:: Supplied data ::
***

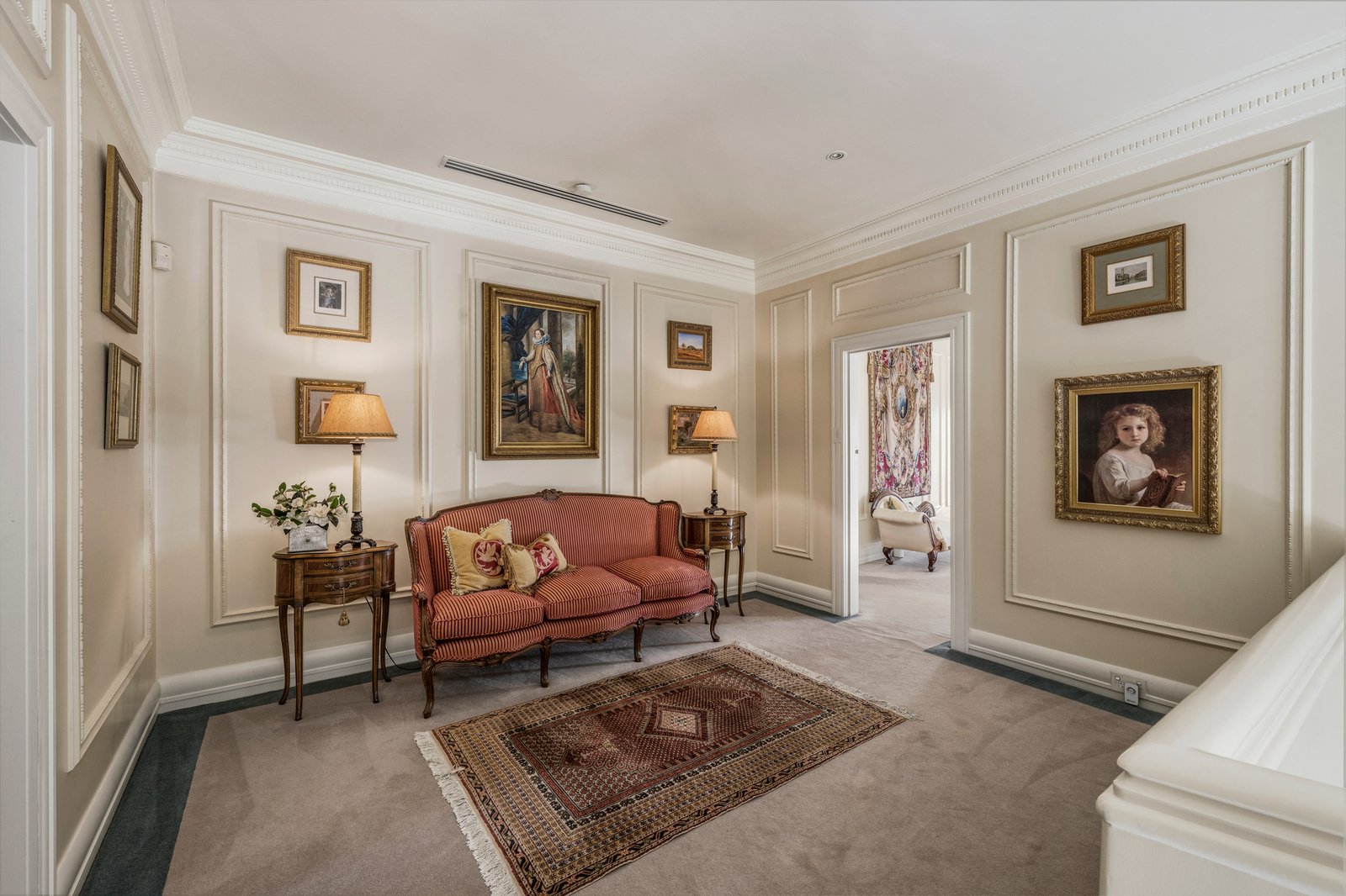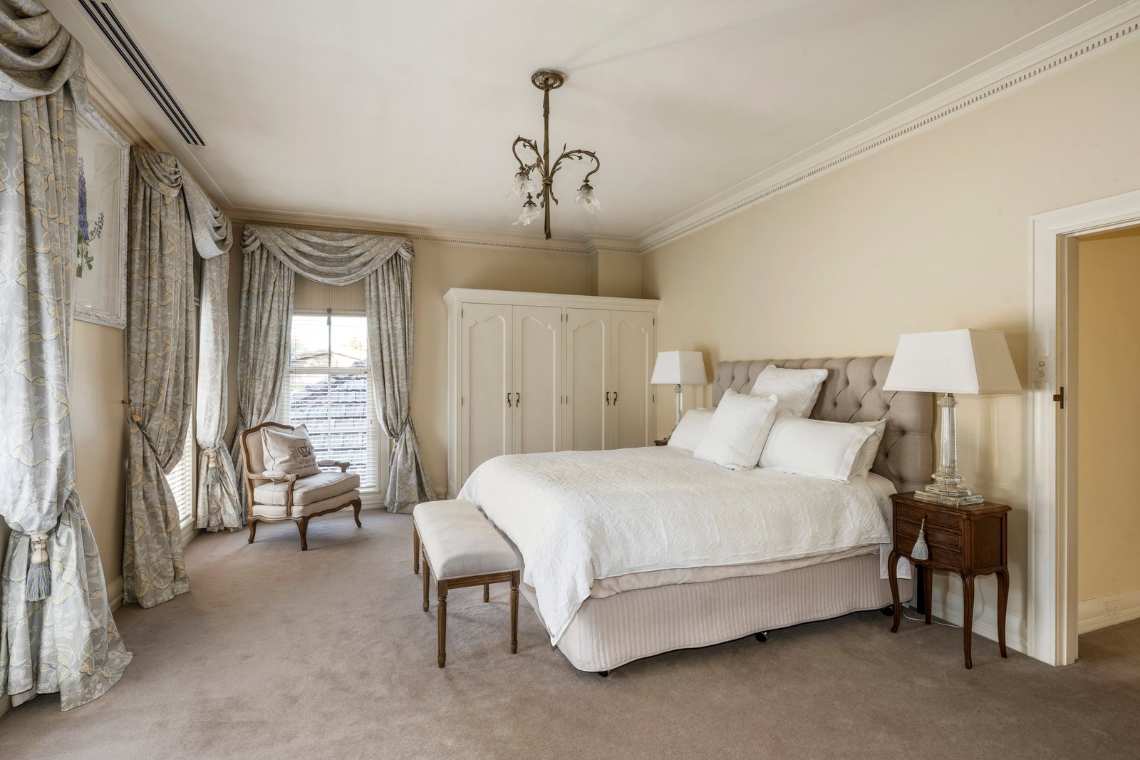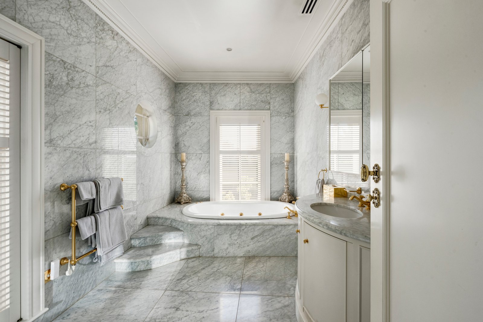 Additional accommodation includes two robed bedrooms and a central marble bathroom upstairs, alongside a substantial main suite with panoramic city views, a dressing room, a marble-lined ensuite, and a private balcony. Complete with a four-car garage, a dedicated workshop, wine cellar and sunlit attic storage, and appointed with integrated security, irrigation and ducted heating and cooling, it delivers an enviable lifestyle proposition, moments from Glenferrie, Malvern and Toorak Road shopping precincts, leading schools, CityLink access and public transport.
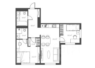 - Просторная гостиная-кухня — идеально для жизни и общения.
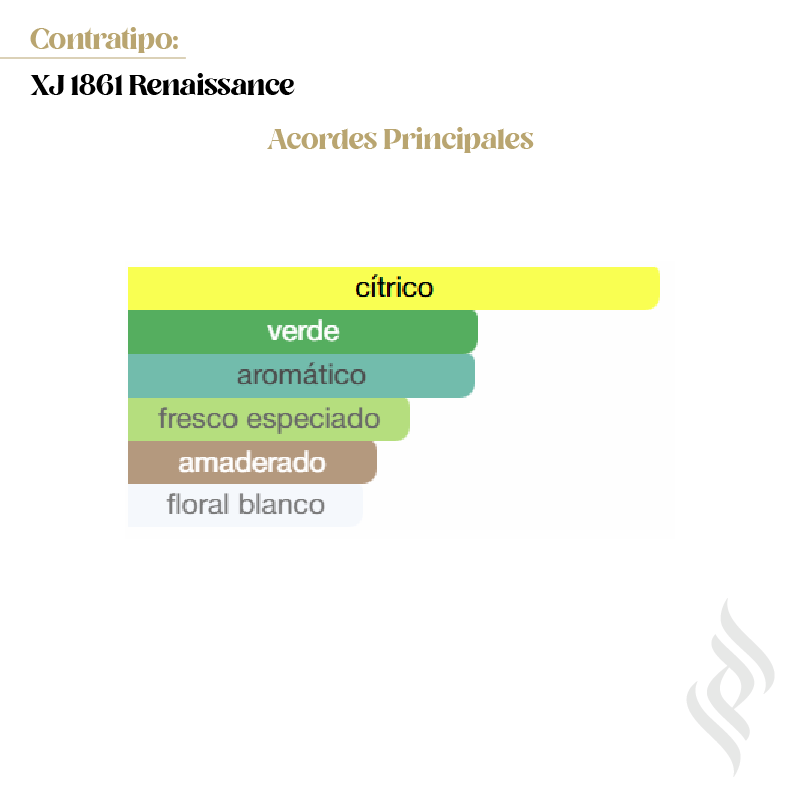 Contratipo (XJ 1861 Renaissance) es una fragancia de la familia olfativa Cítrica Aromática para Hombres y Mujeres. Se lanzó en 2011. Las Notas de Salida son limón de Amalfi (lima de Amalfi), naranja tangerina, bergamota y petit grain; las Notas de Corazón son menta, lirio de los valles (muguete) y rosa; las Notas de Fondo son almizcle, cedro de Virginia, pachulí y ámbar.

***

:: Exercise details ::
Transcribe the data exactly, minus any images.

:: Answer space ::
 Additional accommodation includes two robed bedrooms and a central marble bathroom upstairs, alongside a substantial main suite with panoramic city views, a dressing room, a marble-lined ensuite, and a private balcony. Complete with a four-car garage, a dedicated workshop, wine cellar and sunlit attic storage, and appointed with integrated security, irrigation and ducted heating and cooling, it delivers an enviable lifestyle proposition, moments from Glenferrie, Malvern and Toorak Road shopping precincts, leading schools, CityLink access and public transport.
 - Просторная гостиная-кухня — идеально для жизни и общения.
 Contratipo (XJ 1861 Renaissance) es una fragancia de la familia olfativa Cítrica Aromática para Hombres y Mujeres. Se lanzó en 2011. Las Notas de Salida son limón de Amalfi (lima de Amalfi), naranja tangerina, bergamota y petit grain; las Notas de Corazón son menta, lirio de los valles (muguete) y rosa; las Notas de Fondo son almizcle, cedro de Virginia, pachulí y ámbar.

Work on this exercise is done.